=== Section Start ===

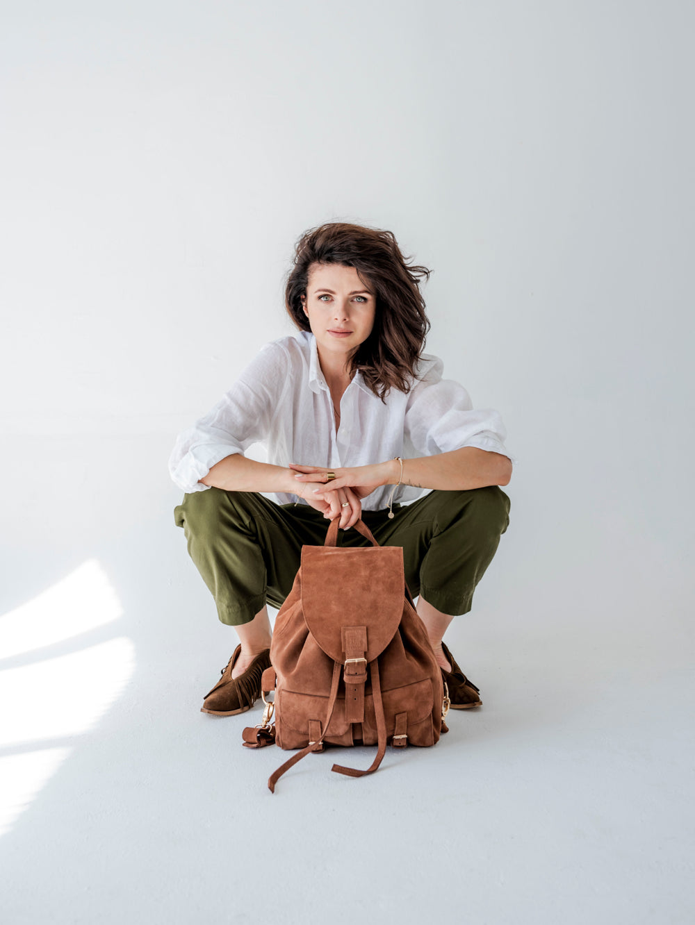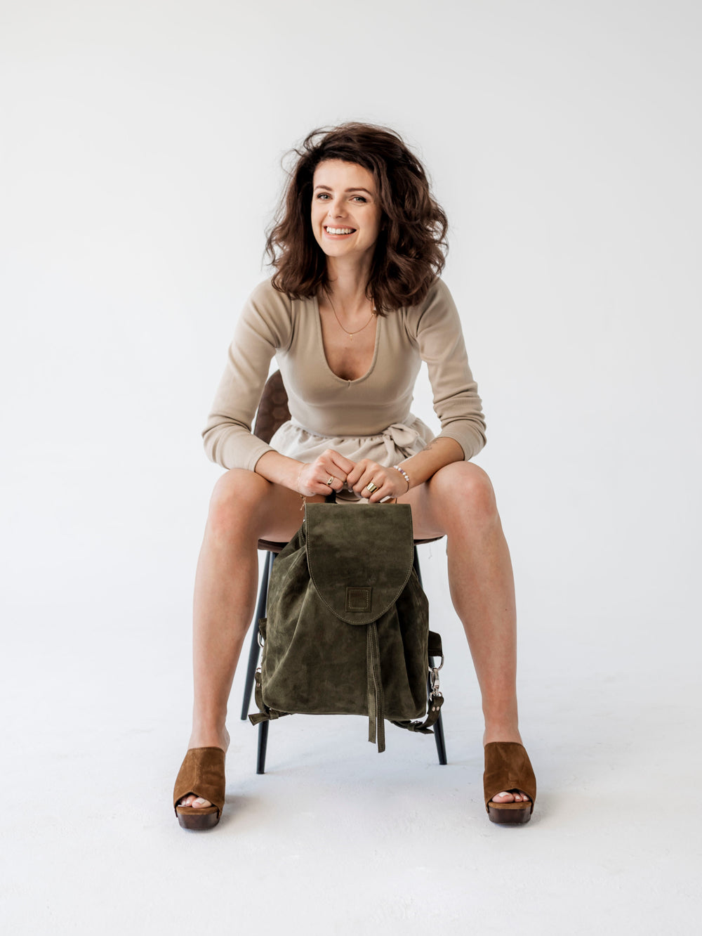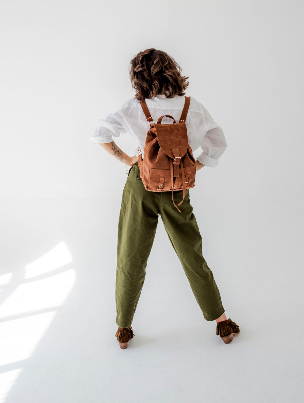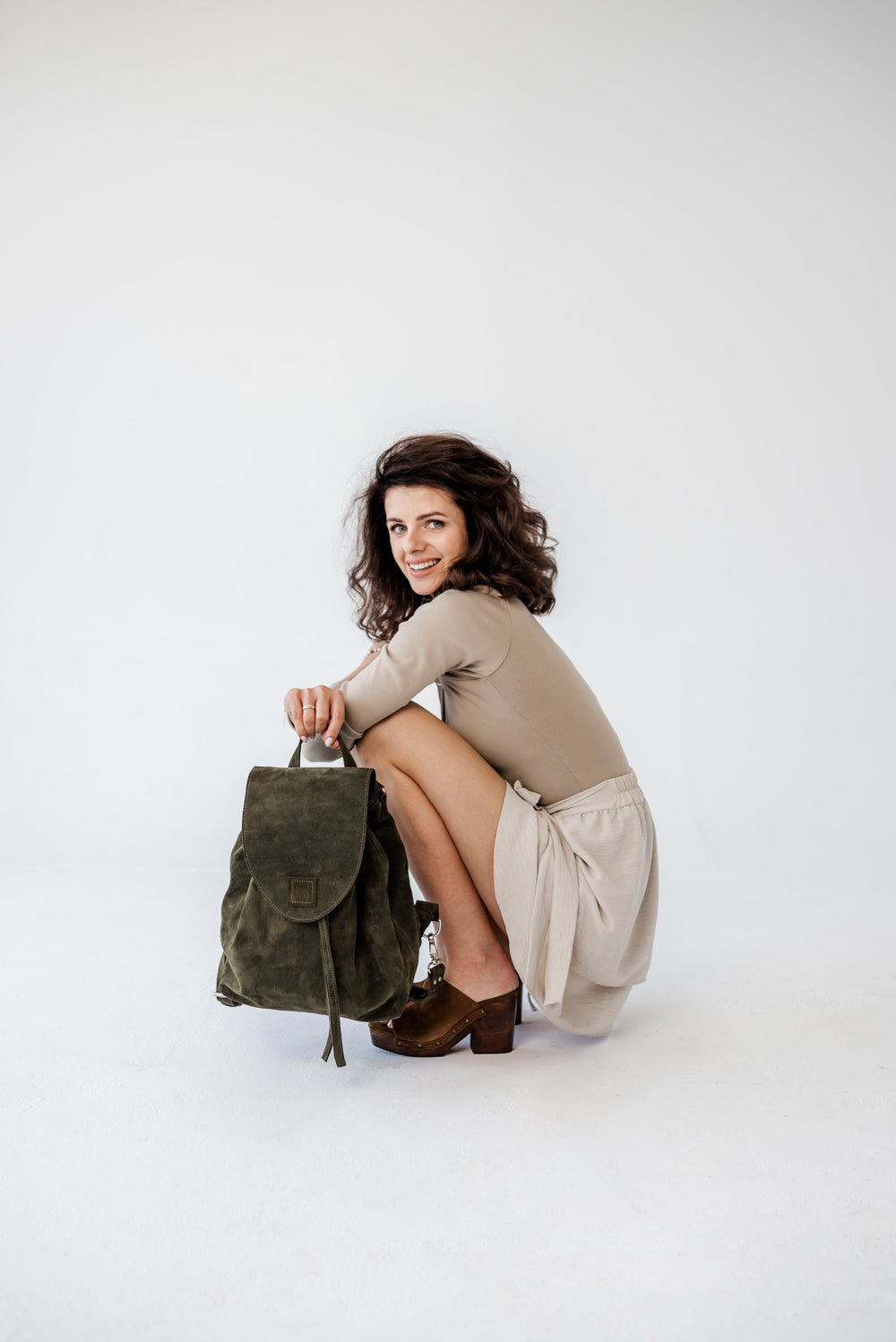 Plecak zamszowy klasyczny duży KHAKI [kolekcja wspomnień]
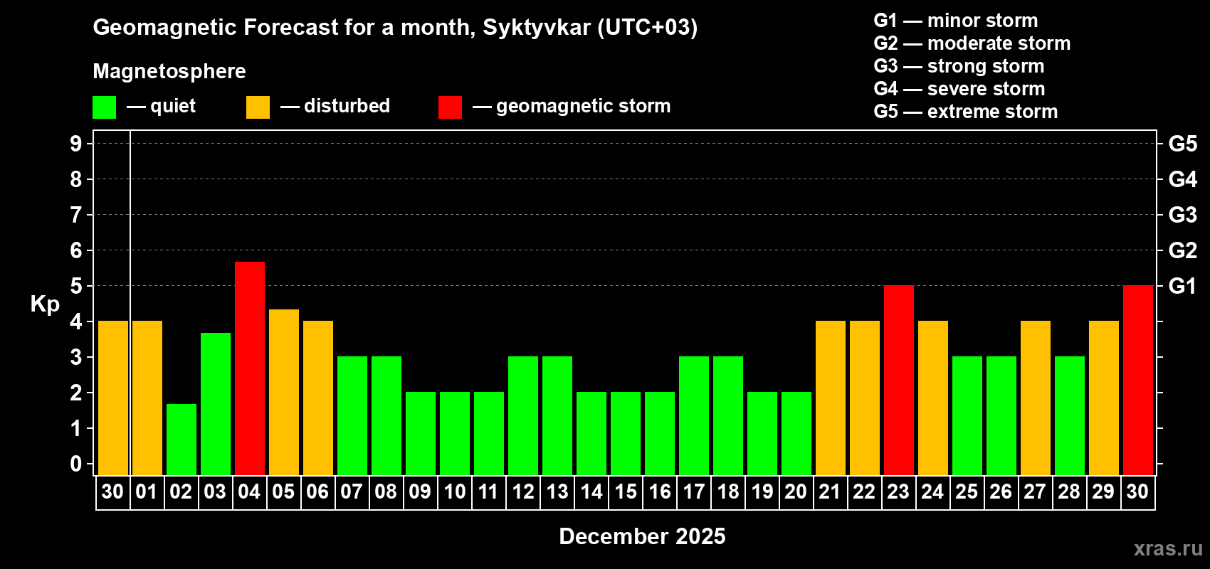 Geomagnetic storm forecast in Syktyvkar for Nov 30, 2025
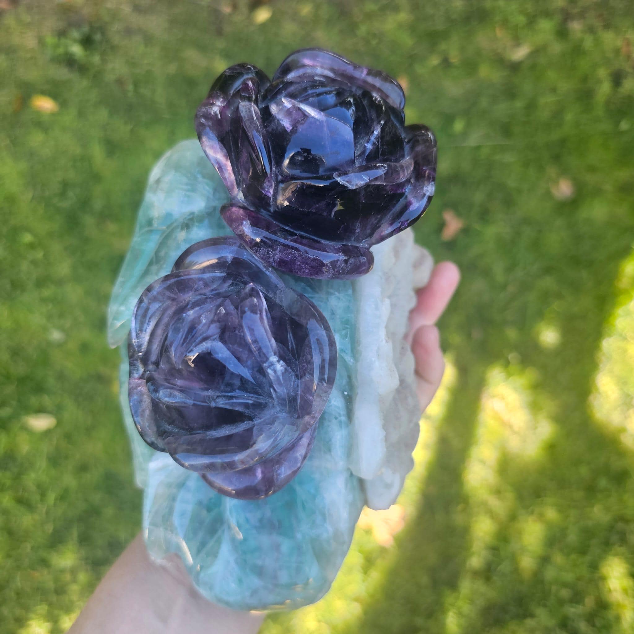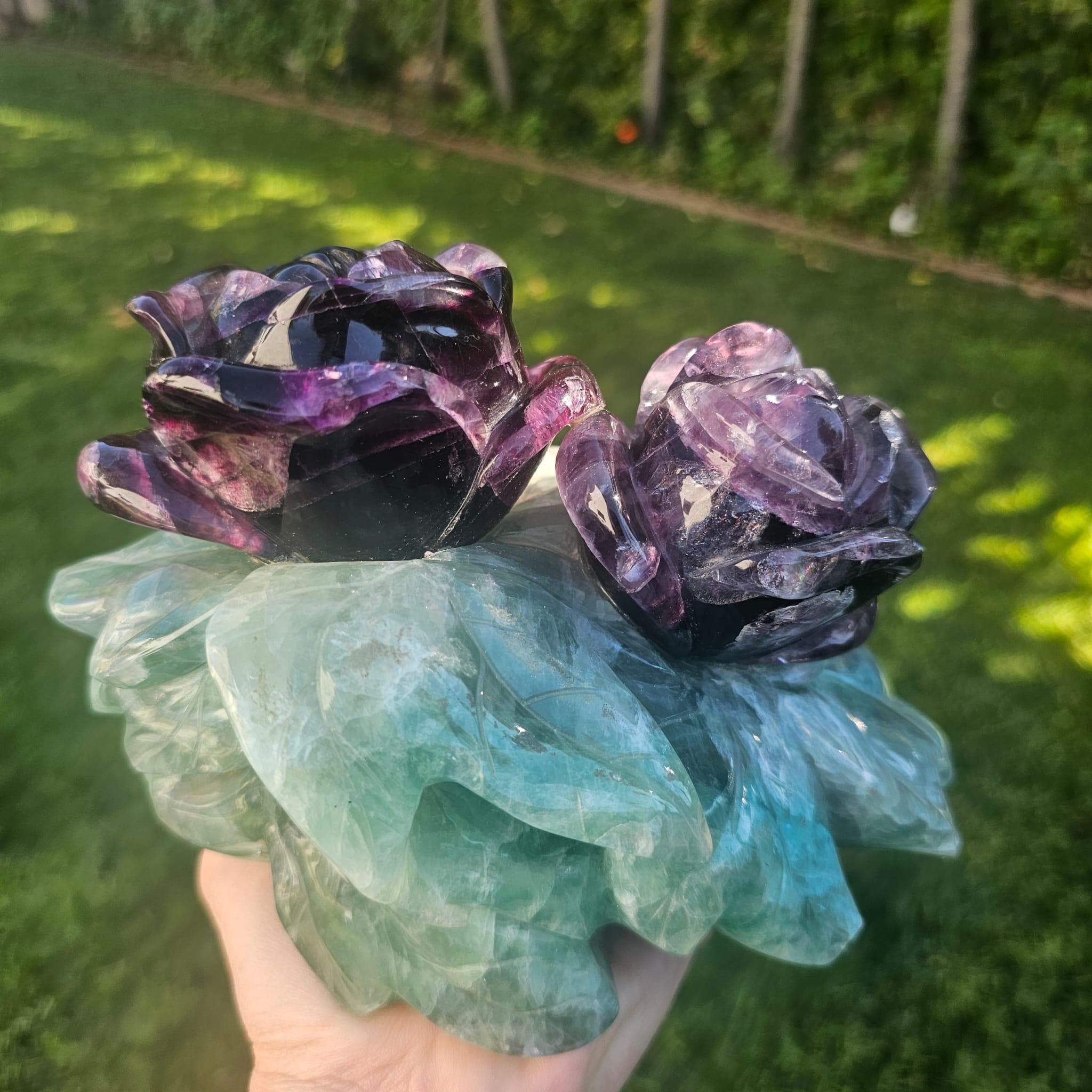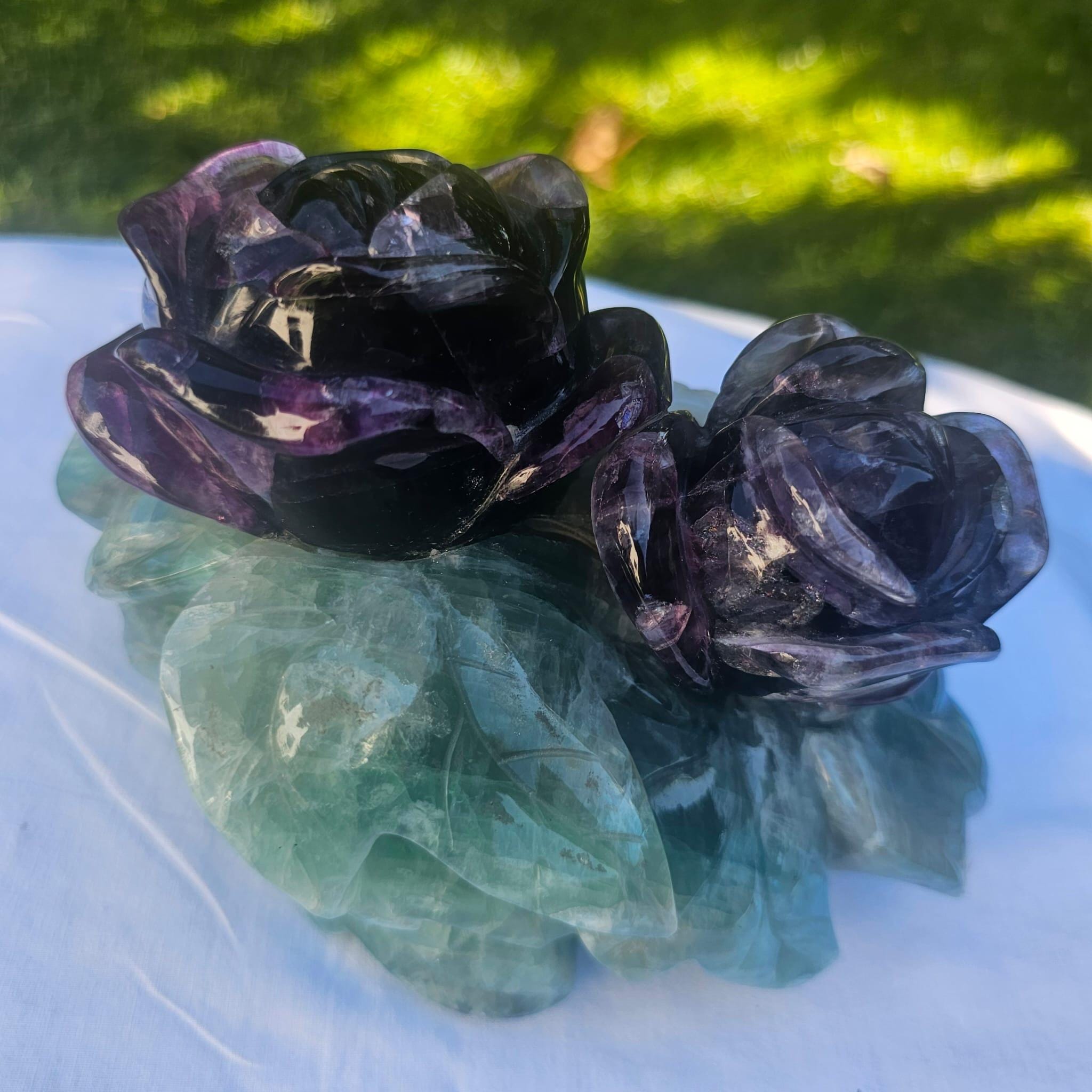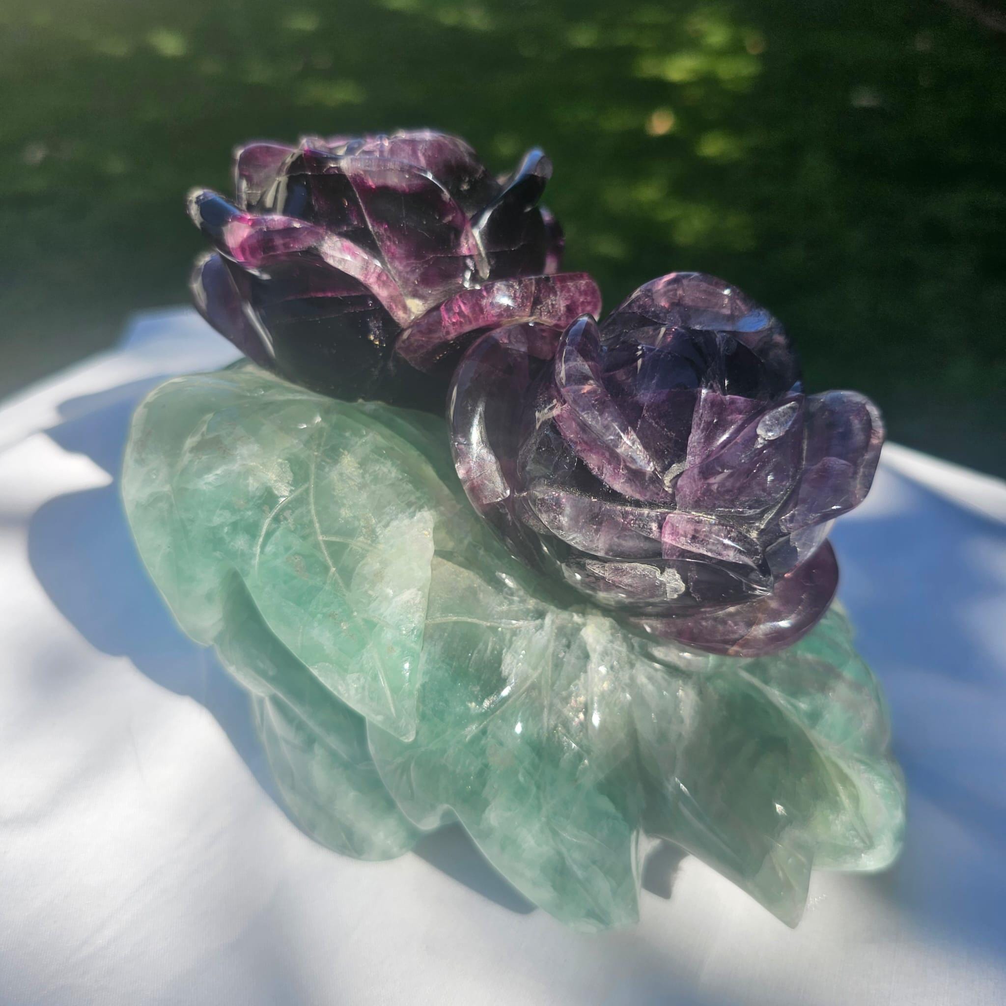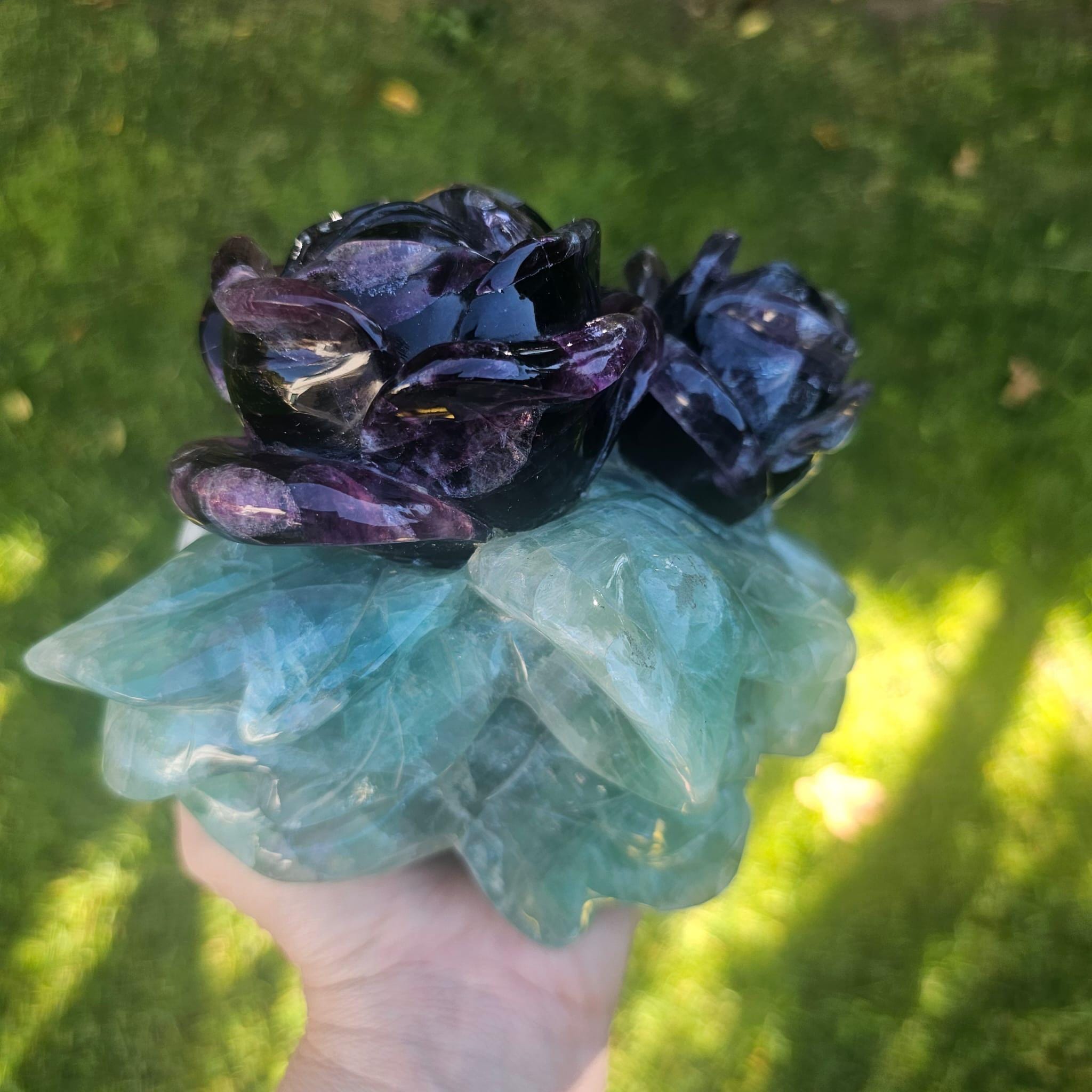 🌿 Hand-Carved Fluorite Rose Crystal Sculpture – Natural Purple & Green Gemstone Décor & Healing Gift
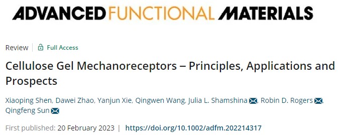 2023年2月20日,林业工程学科生物质仿生智能研究团队青年教师教师沈晓萍以第一作者在材料科学领域国际期刊《Advanced Functional Materials》(中科院1区Top,IF=19.924)在线发表题为“Cellulose gel mechanoreceptors - principles, applications and prospects”(木质纤维素凝胶基智能机械感受材料-原理、应用及展望)的综述论文。通讯作者为美国得克萨斯理工大学Julia L. Shamshina助理教授、美国阿拉巴马大学Robin D. Rogers教授和beat365官方网站孙庆丰教授。beat365官方网站化学与材料工程学院为该论文第一单位和通讯作者单位。

=== Section End ===

DIRECTIONS → Copy out all the data exactly, skipping the pictures.

ANSWER FOR THE TASK →
 Plecak zamszowy klasyczny duży KHAKI [kolekcja wspomnień]
 Geomagnetic storm forecast in Syktyvkar for Nov 30, 2025
 🌿 Hand-Carved Fluorite Rose Crystal Sculpture – Natural Purple & Green Gemstone Décor & Healing Gift
 2023年2月20日,林业工程学科生物质仿生智能研究团队青年教师教师沈晓萍以第一作者在材料科学领域国际期刊《Advanced Functional Materials》(中科院1区Top,IF=19.924)在线发表题为“Cellulose gel mechanoreceptors - principles, applications and prospects”(木质纤维素凝胶基智能机械感受材料-原理、应用及展望)的综述论文。通讯作者为美国得克萨斯理工大学Julia L. Shamshina助理教授、美国阿拉巴马大学Robin D. Rogers教授和beat365官方网站孙庆丰教授。beat365官方网站化学与材料工程学院为该论文第一单位和通讯作者单位。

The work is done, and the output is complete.